ASSIGNMENT: Each record below must come back exactly as written; its pictures must not.

SOURCE INFORMATION:

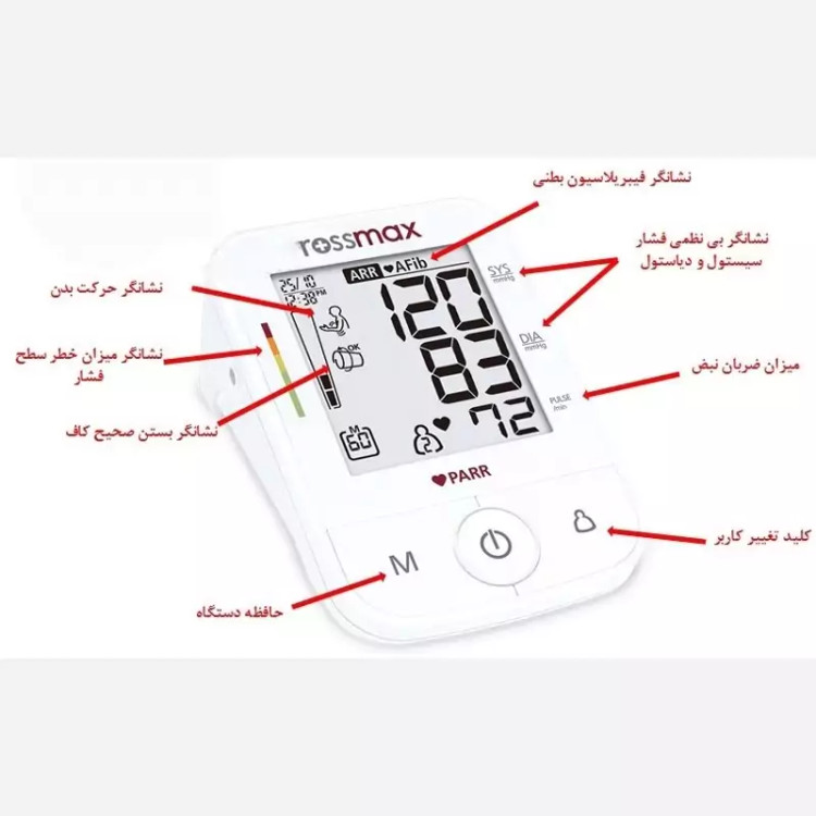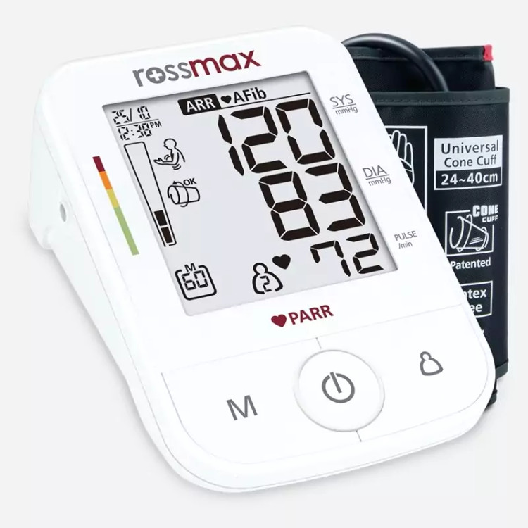 X5 "PARR" Automatic Blood Pressure Monitor از محصولات برند مشهور رزمکس (Rossmax) هست که ساخت کشور سوئیس بوده و مطابق با استانداردهای معتبر بینالمللی طراحی شده. بهخصوص برای کاربرد خانگی، کلینیکی و مراقبتهای قلبی.
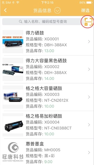 在货品列表右上角点击扫码检索货品。
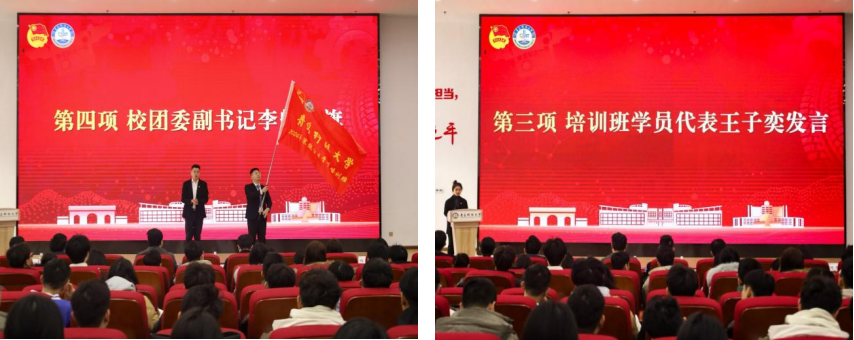 开班仪式上,校团委副书记,校学生会、研究生会指导教师李航为培训班授旗并作开班致辞;高密校区2021级本科生王子奕作为学员代表发言;高分子学院2021级本科生高培议宣读《万象城allwincity官网2024年寒假学生骨干培训班学员评优标准及纪律要求》。
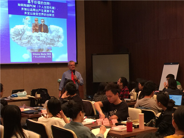 2016年4月5日至9日,以色列理工学院夏罗默•麦特尔(Shlomo Maital)教授为汕大学子开设的第三期《以价值为基础的创新》全校选修课,在beat365英国官网网站学术交流中心如期举行。该课程由beat365英国官网网站主办,由资历丰富、学术底蕴雄厚的beat365英国官网网站Dennis Lee副教授担任课程助教。此次课程共有59名来自汕大各院系的本科生、MBA学员和企业管理精英班学员参加。
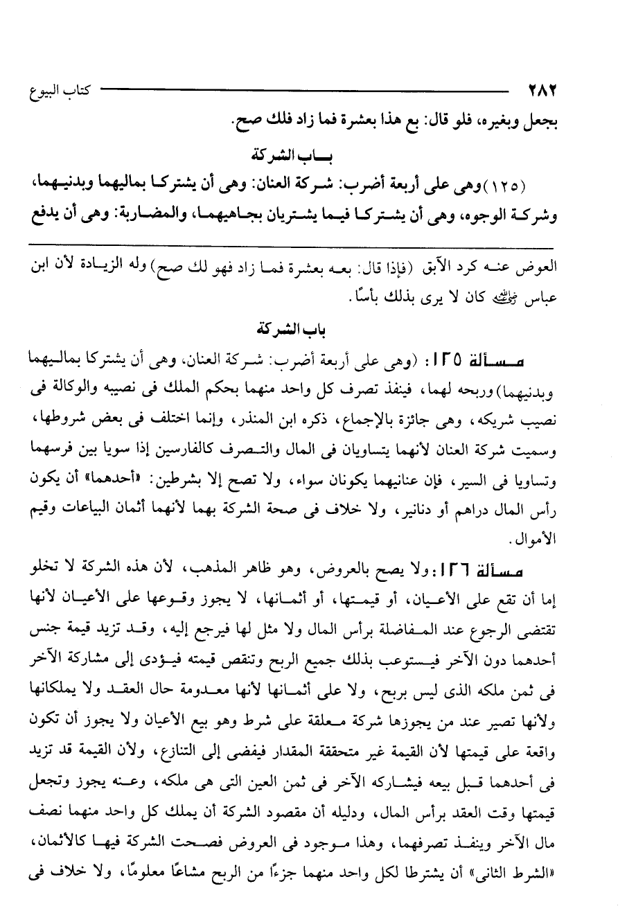باب الشركة (125) وهي على أربعة أضرب: شركة العنان، وهي أن يشتركا بماليهما وبدنيهما
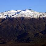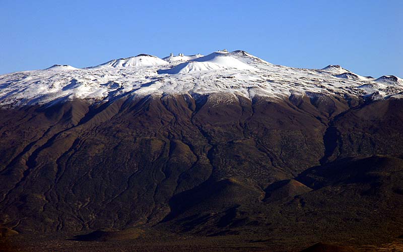 Mauna Kea Volcano, Hawai‘i viewed from the south. Prominent cinder cones seen covered in the summit snow. Astronomical observatories can be seen on the summit.

YOUR SOLUTION:
 X5 "PARR" Automatic Blood Pressure Monitor از محصولات برند مشهور رزمکس (Rossmax) هست که ساخت کشور سوئیس بوده و مطابق با استانداردهای معتبر بینالمللی طراحی شده. بهخصوص برای کاربرد خانگی، کلینیکی و مراقبتهای قلبی.
 在货品列表右上角点击扫码检索货品。
 开班仪式上,校团委副书记,校学生会、研究生会指导教师李航为培训班授旗并作开班致辞;高密校区2021级本科生王子奕作为学员代表发言;高分子学院2021级本科生高培议宣读《万象城allwincity官网2024年寒假学生骨干培训班学员评优标准及纪律要求》。
 2016年4月5日至9日,以色列理工学院夏罗默•麦特尔(Shlomo Maital)教授为汕大学子开设的第三期《以价值为基础的创新》全校选修课,在beat365英国官网网站学术交流中心如期举行。该课程由beat365英国官网网站主办,由资历丰富、学术底蕴雄厚的beat365英国官网网站Dennis Lee副教授担任课程助教。此次课程共有59名来自汕大各院系的本科生、MBA学员和企业管理精英班学员参加。
باب الشركة (125) وهي على أربعة أضرب: شركة العنان، وهي أن يشتركا بماليهما وبدنيهما
 Mauna Kea Volcano, Hawai‘i viewed from the south. Prominent cinder cones seen covered in the summit snow. Astronomical observatories can be seen on the summit.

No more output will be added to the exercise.